Re: Schema-Aware PCollections revisited

Reuven Lax Sun, 04 Feb 2018 08:38:31 -0800

I'm not sure where proto comes from here. Proto is one example of a type
that has a schema, but only one example.


1. In the initial prototype I want to avoid modifying the PCollection API.
So I think it's best to create a special SchemaCoder, and pass the schema
into this coder.
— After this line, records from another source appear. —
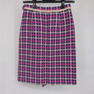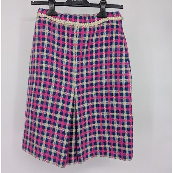 This knee-length skirt by Gucci combines a chic pencil style with pleated detailing, perfect for casual or work settings. The vibrant pink and blue colors add a touch of elegance to its classic design, making it a versatile addition to any wardrobe.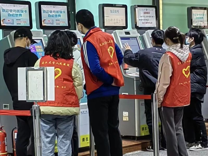 滴滴滴~“您好,您的检查报告已打印好,请收好”春日的阳光穿过层层树荫,照在武汉大学人民医院自助设备服务区门前,“白鸽”服务队的志愿者们身着红色小马甲,守候在一台台自助服务机旁,协助来往患者挂号、打印。我们或许无法直接减免他们的苦痛,但悉心的帮助,必定能在他们求医过程中留下些许暖意,陌生的陪伴也能带来许多的慰藉。快来化身青年志愿者,和我们一起传递温暖吧!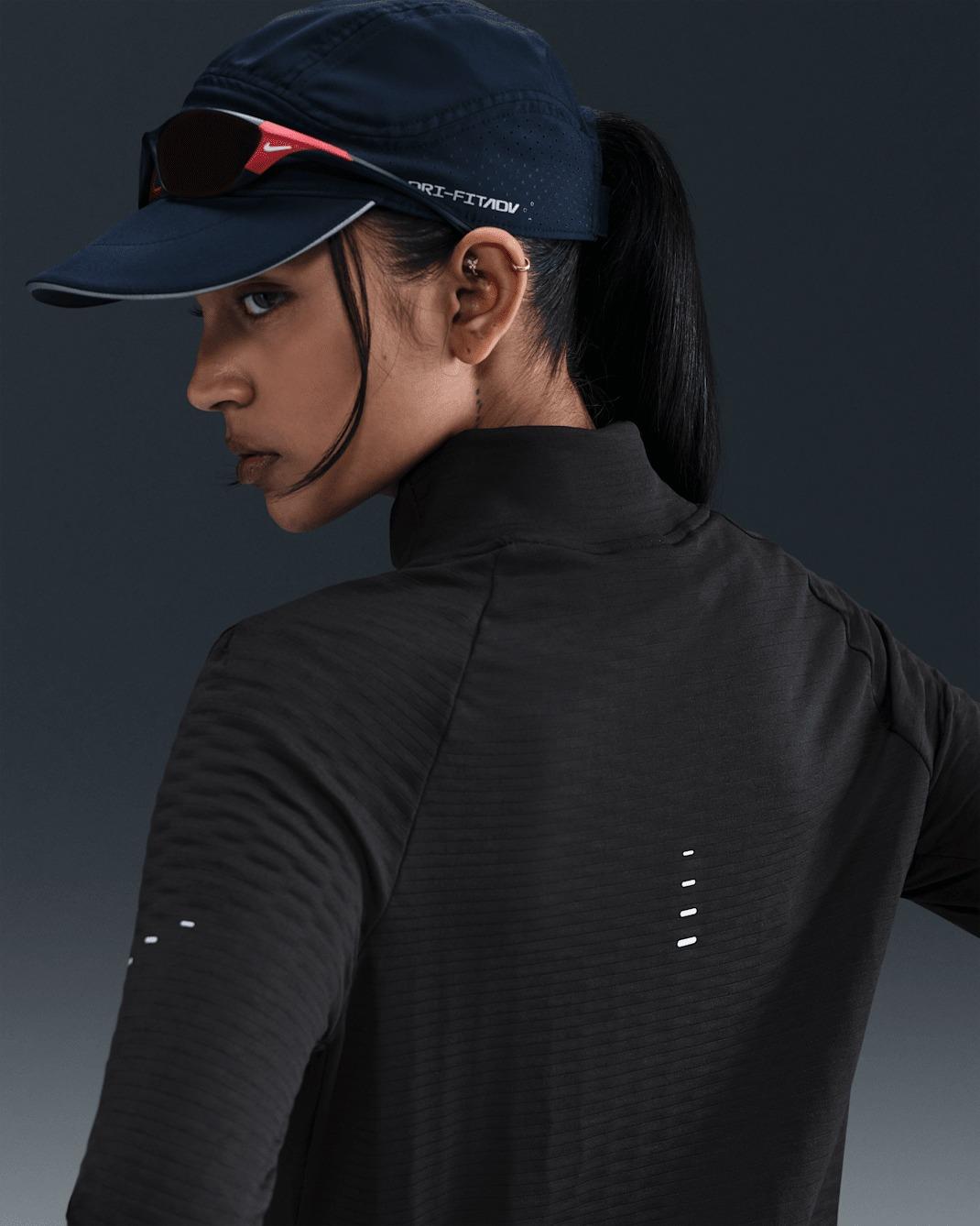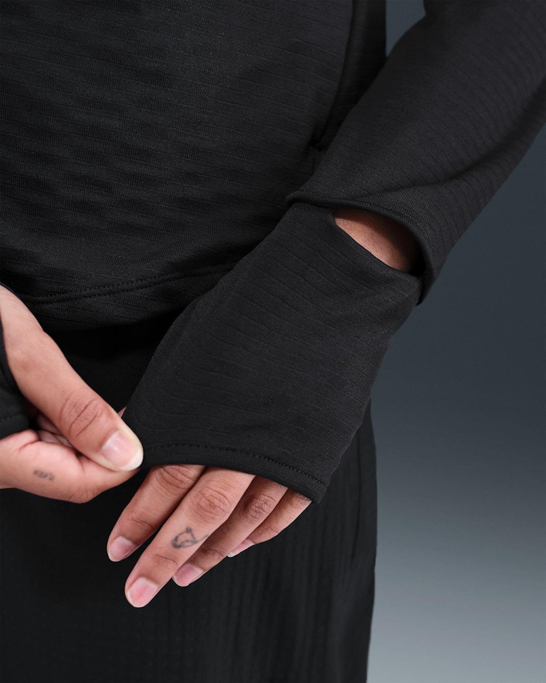 Sortez, même par temps froid. Notre pull à col roulé Swift est confectionné en tissu Therma-FIT doux qui régule la température corporelle. Les aérations aux poignets vous permettent de consulter votre montre sans quitter votre pull des yeux.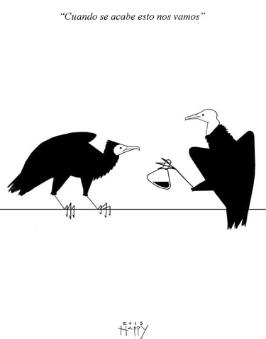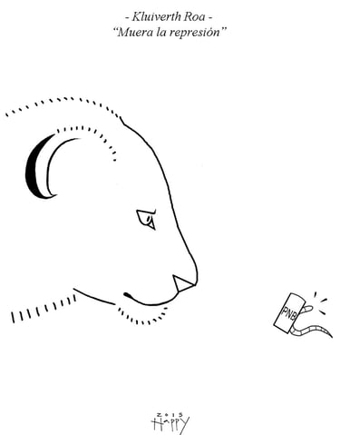 2015 minimalistic-style animal drawings depicting everyday situations in Venezuela. Published in the national newspaper El Universal, most of the accompanying text was censored.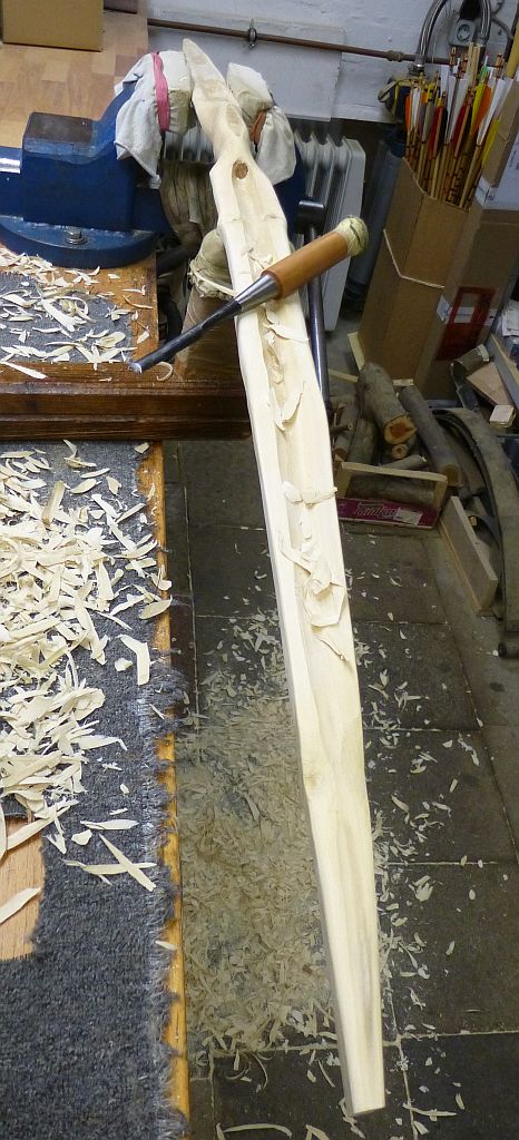 Dann mit dem Ziehmesser auf den Markkanal heruntergearbeitet, der Griffbereich ist noch unangetastet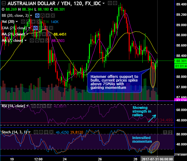 Hammer pattern candle has occurred at 88.140 levels (on 2H charts).

Later we might targeted APIs for this instead of going
through a coder.
1.a I don't see what hints have to do with this?

2. BeamSQL already has a generic record type which fits this use case very
well (though we might modify it). However as mentioned in the doc, the user
is never forced to use this generic record type.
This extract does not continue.